One idea which powerful media moguls will hate is to mandate that the networks which broadcast using US airwaves (radio and TV) give time, say one primetime hour worth, FREE OF CHARGE to all properly registered candidates to make their pitch to the voters. This will eliminate the “need” to raise huge sums of money to run for congress. A second step is to cap the amount that can be spent by candidates on ads, say $2.5 million for the House and $10 million for the Senate. This, combined with a system where the government contributes money to match (dollar for dollar) the amount raised by the better financed candidate, should stop the spending spiral that has gripped our democracy (and forced candidates to raise millions from special interests who they are then beholden to). Candidates could spend more time on writing legislation and less on fundraising (which I can’t imagine they truly enjoy).
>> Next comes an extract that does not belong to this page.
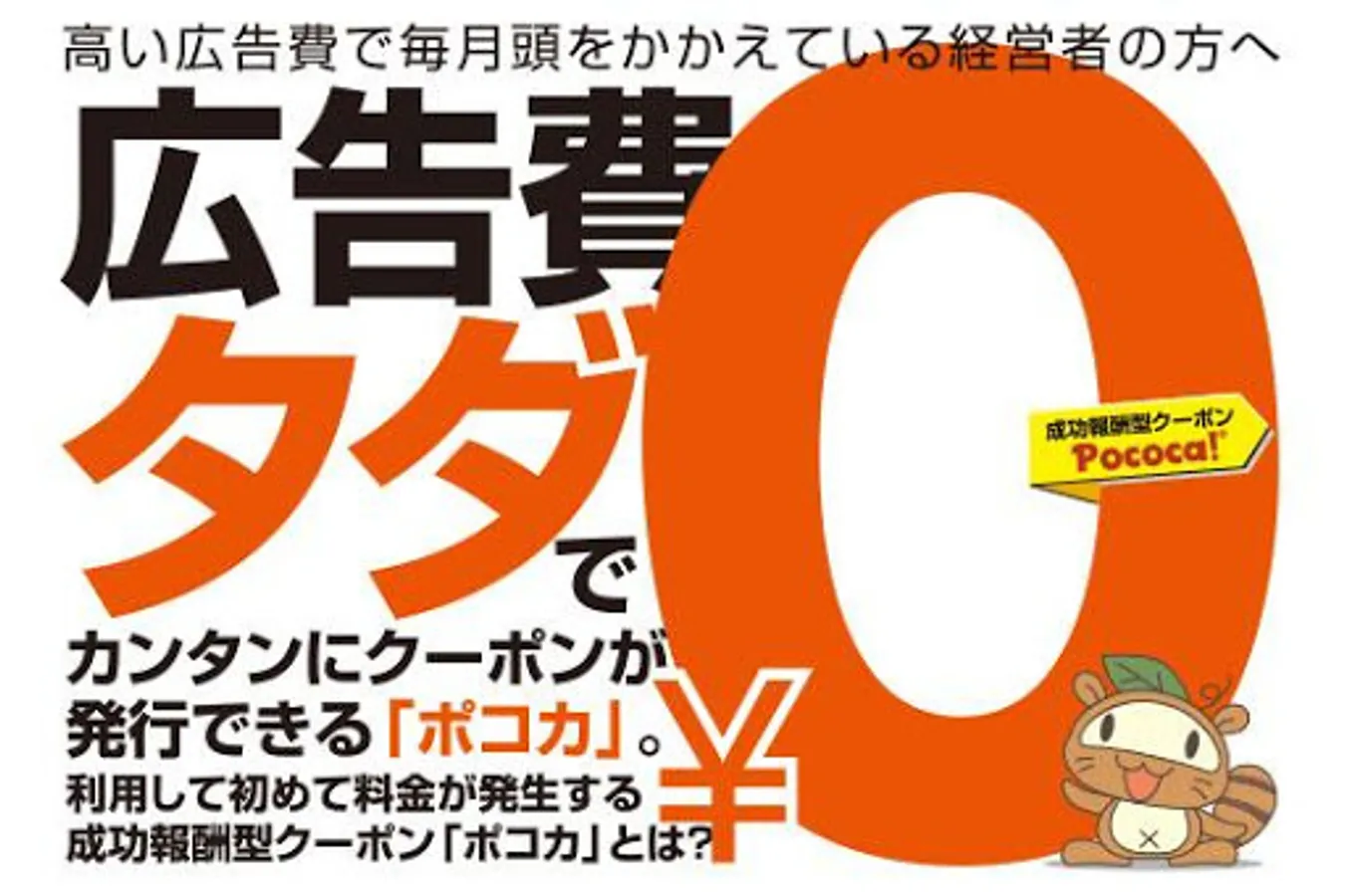 Pokoka coupons is "pay-per-coupon", display, or only been acquired ad spending does not occur. Actually users to visit, do not take at all wasteful expenses because the first time advertising costs will occur by using the coupon.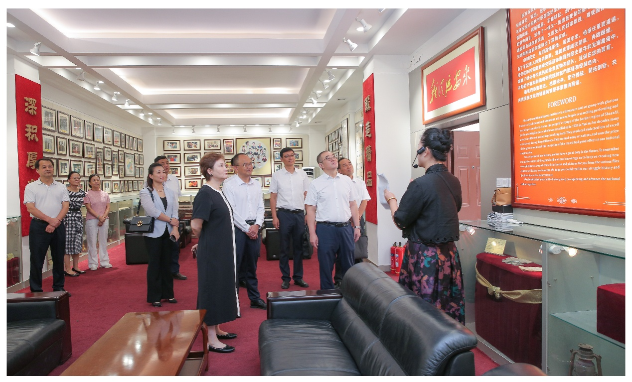 常江一行在陜西省戲曲研究院黨委書(shū)記、院長(zhǎng)李梅陪同下,先后參觀了院劇場(chǎng)、院史陳列室,觀摩了《戲曲薈萃表演》,系統(tǒng)了解了研究院自1938年延安陜甘寧邊區(qū)民眾劇團(tuán)發(fā)展至今的歷程,以及在秦腔藝術(shù)傳承、劇目創(chuàng)作、人才培養(yǎng)等方面的卓越成就,切身感受到陜西戲曲藝術(shù)的深厚底蘊(yùn)與獨(dú)特魅力。

To illustrate say House incumbent A face challenger B. A and B both know that $2.5 million is the ad cap so there is no point raising more than this amount for TV and radio ads. Let’s say incumbent A is well liked by deep pocketed special interests who want him to stay in office and challenger B has zero financial backing. Let’s further assume incumbent A quickly raises $2.5 million for ads from special interests, but now challenger B will get up to $2.5 million of matching funds from the federal government. Both candidates run an approximately equal number of ads so the candidate with the better/more compelling message wins the ad wars (from both the ads and the primetime hour of free coverage).

The cost for this would be at most $1 Billion for each cycle of house races and $330 million per Senate cycle from the government treasury (about half the $2.5 Billion spent this last election with all the implied access and consideration owed to contributors that goes with these contributions).